-- DATA BLOCK follows --
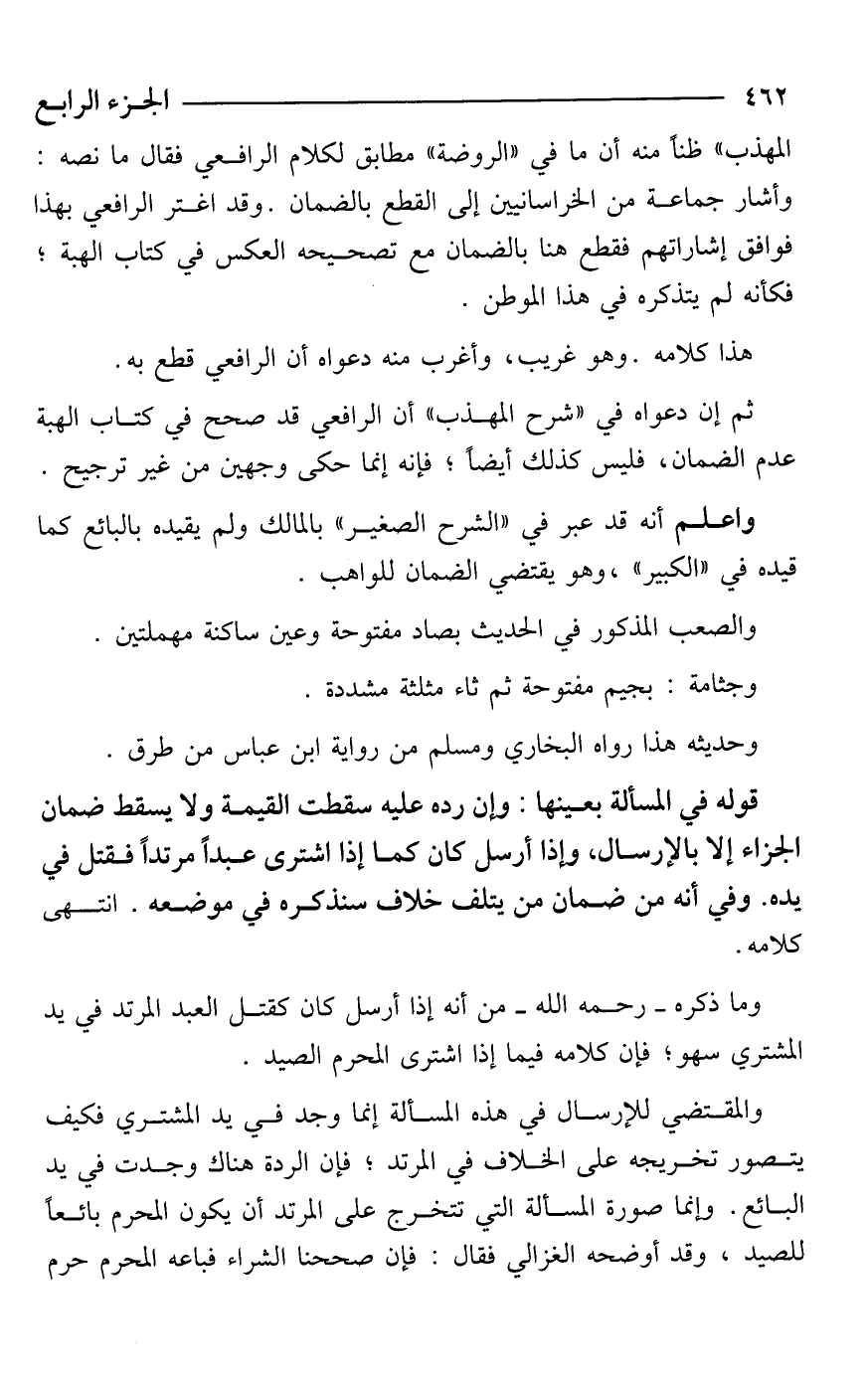 المهذب" ظنًا منه أن ما في "الروضة" مطابق لكلام الرافعي فقال ما نصه: وأشار جماعة من الخراسانيين إلى القطع بالضمان. وقد اغتر الرافعي بهذا فوافق إشاراتهم فقطع هنا بالضمان مع تصحيحه العكس في كتاب الهبة؛ فكأنه لم يتذكره في هذا الموطن.
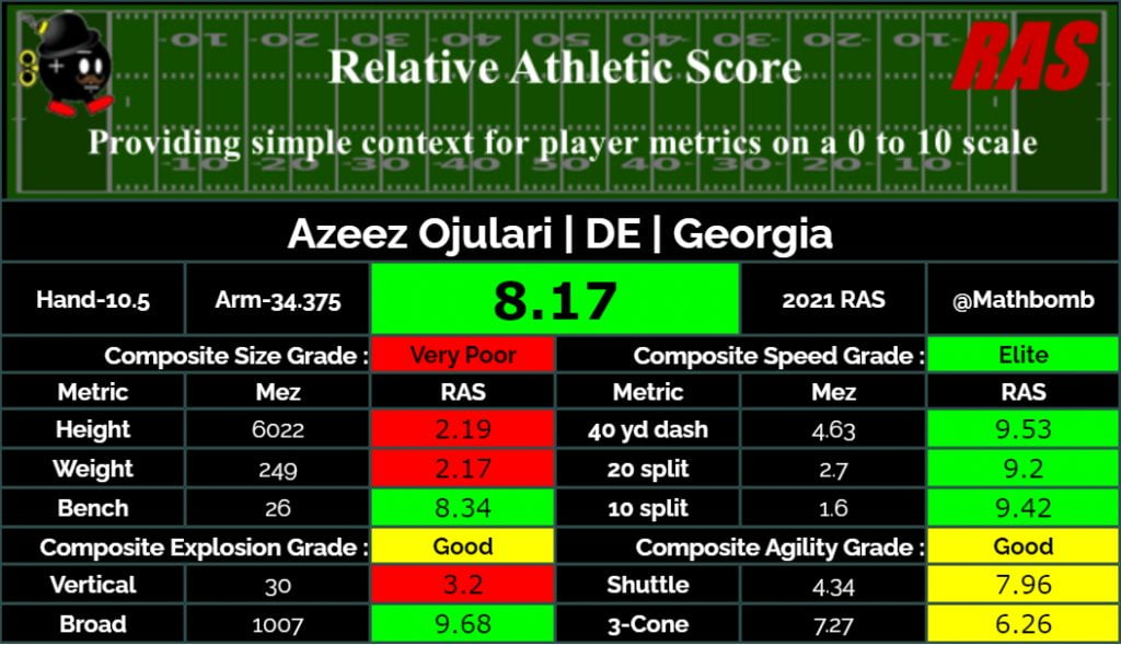 Ojulari játékával kapcsolatban ki kell emelni, hogy az idei edge rusher class egyik legveszélyesebb prospectje nagyon jó hatékonysággal tudja siettetni az irányítót és kifejezetten veszélyes a labdára. Ezt bizonyítja, hogy 2020-ban 9,5 sackjével vezette az SEC-t és országon belül is a harmadik legeredményesebb volt ebben a mutatóban.
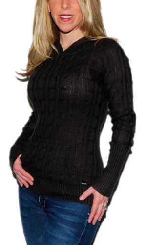 @@@ Product Details : Hooded Guess Womens Wool Thin Cable Knit Sweater Hoodie Hooded Sweatshirt Chocolate Brown XL
-- DATA BLOCK concluded --
THE PROBLEM
Pictures do not belong in the copy; repeat the rest of the listing exactly.

EXERCISE ANSWER
 المهذب" ظنًا منه أن ما في "الروضة" مطابق لكلام الرافعي فقال ما نصه: وأشار جماعة من الخراسانيين إلى القطع بالضمان. وقد اغتر الرافعي بهذا فوافق إشاراتهم فقطع هنا بالضمان مع تصحيحه العكس في كتاب الهبة؛ فكأنه لم يتذكره في هذا الموطن.
 Ojulari játékával kapcsolatban ki kell emelni, hogy az idei edge rusher class egyik legveszélyesebb prospectje nagyon jó hatékonysággal tudja siettetni az irányítót és kifejezetten veszélyes a labdára. Ezt bizonyítja, hogy 2020-ban 9,5 sackjével vezette az SEC-t és országon belül is a harmadik legeredményesebb volt ebben a mutatóban.
 @@@ Product Details : Hooded Guess Womens Wool Thin Cable Knit Sweater Hoodie Hooded Sweatshirt Chocolate Brown XL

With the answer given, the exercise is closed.